Curry v. Daly, CV 02 0516554 S (Conn. Super. 12/2/2003), CV 02 0516554 S

Decision Date02 December 2003
Docket NumberCV 02 0516554 S
CourtConnecticut Superior Court
PartiesEdward Curry v. Jack Daly
MEMORANDUM OF DECISION RE MOTION FOR SUMMARY JUDGMENT

ROBINSON, R., JUDGE.

The instant action was originally brought as a Small Claims action. The matter was transferred to the regular civil docket on August 14, 2002.

On October 30, 2002, the plaintiff filed a Revised Complaint. Said complaint provides in pertinent part that:

4. On or about July 21, 2002, the defendants falsely complained to the Southington Police Department that the plaintiff was involved in a domestic dispute.

5. On the basis of the defendants (sic) false complaint, the Southington Police applied for and obtained an arrest warrant for the plaintiff for the crime of disorderly conduct in violation of Conn. Gen. State. §53a-182. Thereafter, the plaintiff was arrested on this warrant on or about July 29, 2002, handcuffed, transported to the police lockup, and incarcerated for several hours . . .

6. Pursuant to this arrest, the plaintiff appeared in Superior Court in Bristol on or about July 30, 2002, and was required to meet with a family relations officer, after which the plaintiff pleaded not guilty and the case was continued . . .
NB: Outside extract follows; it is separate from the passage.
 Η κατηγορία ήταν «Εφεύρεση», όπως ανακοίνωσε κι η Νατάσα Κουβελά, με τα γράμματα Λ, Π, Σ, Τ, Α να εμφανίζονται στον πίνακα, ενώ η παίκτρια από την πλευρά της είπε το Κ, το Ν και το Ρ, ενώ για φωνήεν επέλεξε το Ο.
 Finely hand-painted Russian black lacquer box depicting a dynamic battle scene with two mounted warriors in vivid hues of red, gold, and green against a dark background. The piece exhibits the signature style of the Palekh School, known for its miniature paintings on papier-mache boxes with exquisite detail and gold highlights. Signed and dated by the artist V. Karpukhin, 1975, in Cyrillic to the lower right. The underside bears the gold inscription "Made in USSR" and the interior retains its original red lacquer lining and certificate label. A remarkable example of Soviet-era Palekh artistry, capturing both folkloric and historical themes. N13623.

9. The charges pending in court were dismissed by a judge of the Superior Court on or about October 22, 2002, resulting in the termination of the proceedings in the plaintiff's favor.

Count One of the Complaint sounds in "malicious prosecution." Count Two of the Complaint sounds in "abuse of process." Count Three sounds in "slander." Count Four sounds in "libel." Count Five sounds in the "infliction of emotional distress."
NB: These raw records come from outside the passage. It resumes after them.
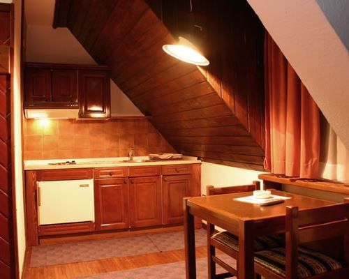 Sadržaj apartmana: svi apartmani su opremljeni mini blok kuhinjom sa frižiderom, svim potrebnim posuđem i kuhinjskim priborom, kupatilom (TVC), telefonom i TV-om.
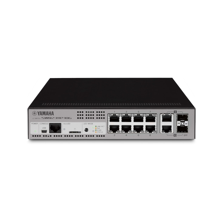 SWR2311P-10G is an intelligent L2 switch that can supply power to PoE powered devices on the network.Yamaha has integrated its own expertise in networking and professional audio fields and developed it as an L2 switch optimized for Dante audio networks.
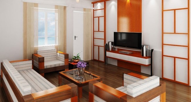 Với không gian phòng khách khá khiêm tốn thì một bộ bàn ghế có kiểu dáng nguyên khối gỗ hoặc kiểu đơn giản đi kèm với những màu sắc trang nhã như: màu trắng, nâu sáng... giúp cho không gian phòng khách trở nên thoáng đãng hơn, thuận tiện cho việc vệ sinh và lau chùi.
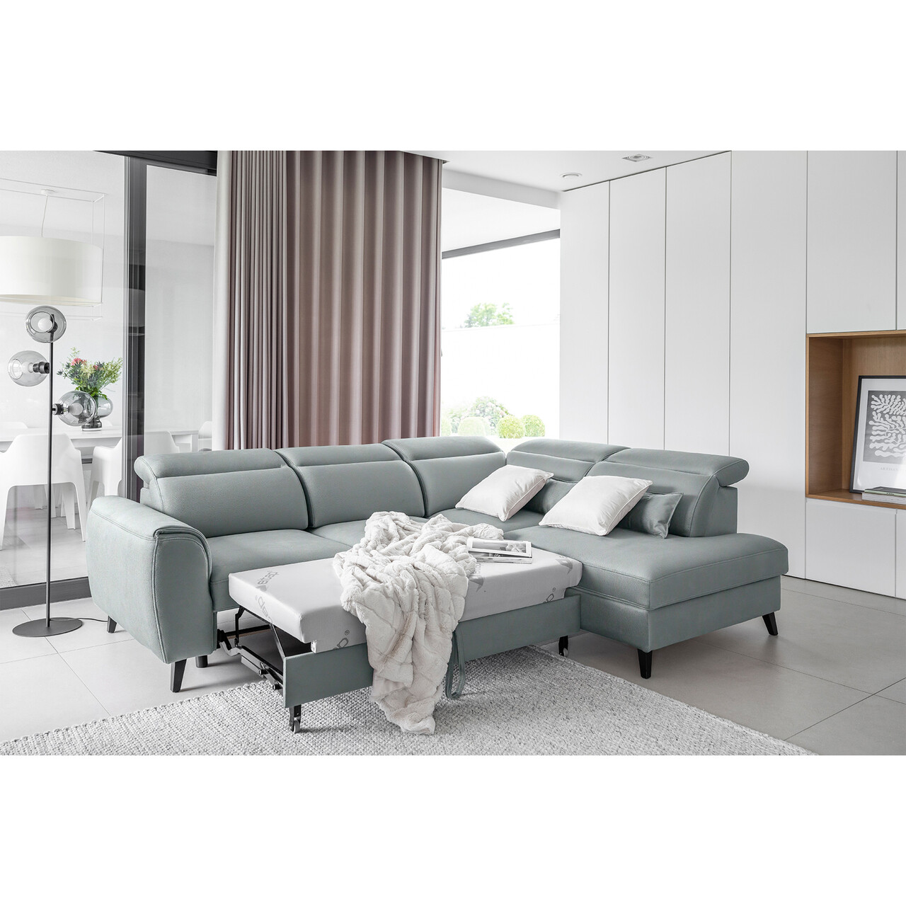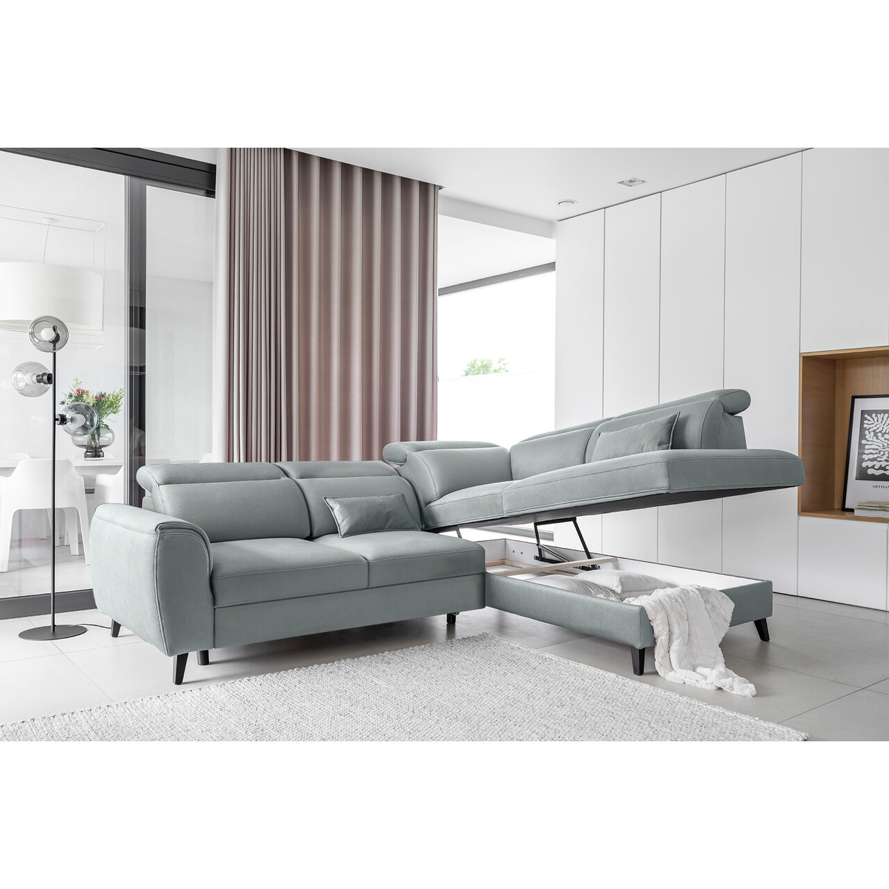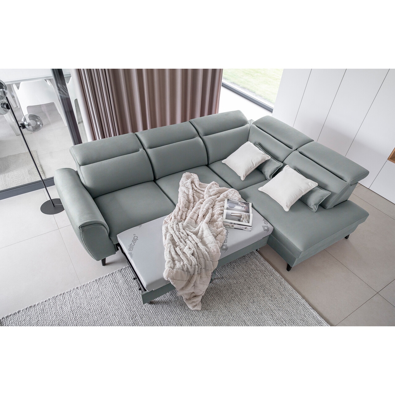 Coltar extensibil dreapta 4 locuri ELTAP, RT-100SAV, Noble, 255x201x100 cm, lemn/poliester, albastru

On July 28, 2003, the plaintiff Gary Turek filed a Motion for Summary Judgment. The plaintiff also filed an Affidavit in Support of Summary Judgment. Said affidavit provides in pertinent part that:

2. On July 21, 2002, I made a statement to the police concerning screaming, loud music and other noise coming from the Curry house at 1071 Woodruff Street. A true and accurate copy of this statement is attached to this affidavit . . .

4. Upon hearing the noises coming from 1071 Woodruff Street, I was concerned for the safety of Ms. Curry.

5. Upon hearing the noises coming from 1071 Woodruff Street, I was concerned for the well being of my children, who were being exposed to hearing the heated argument and profanity.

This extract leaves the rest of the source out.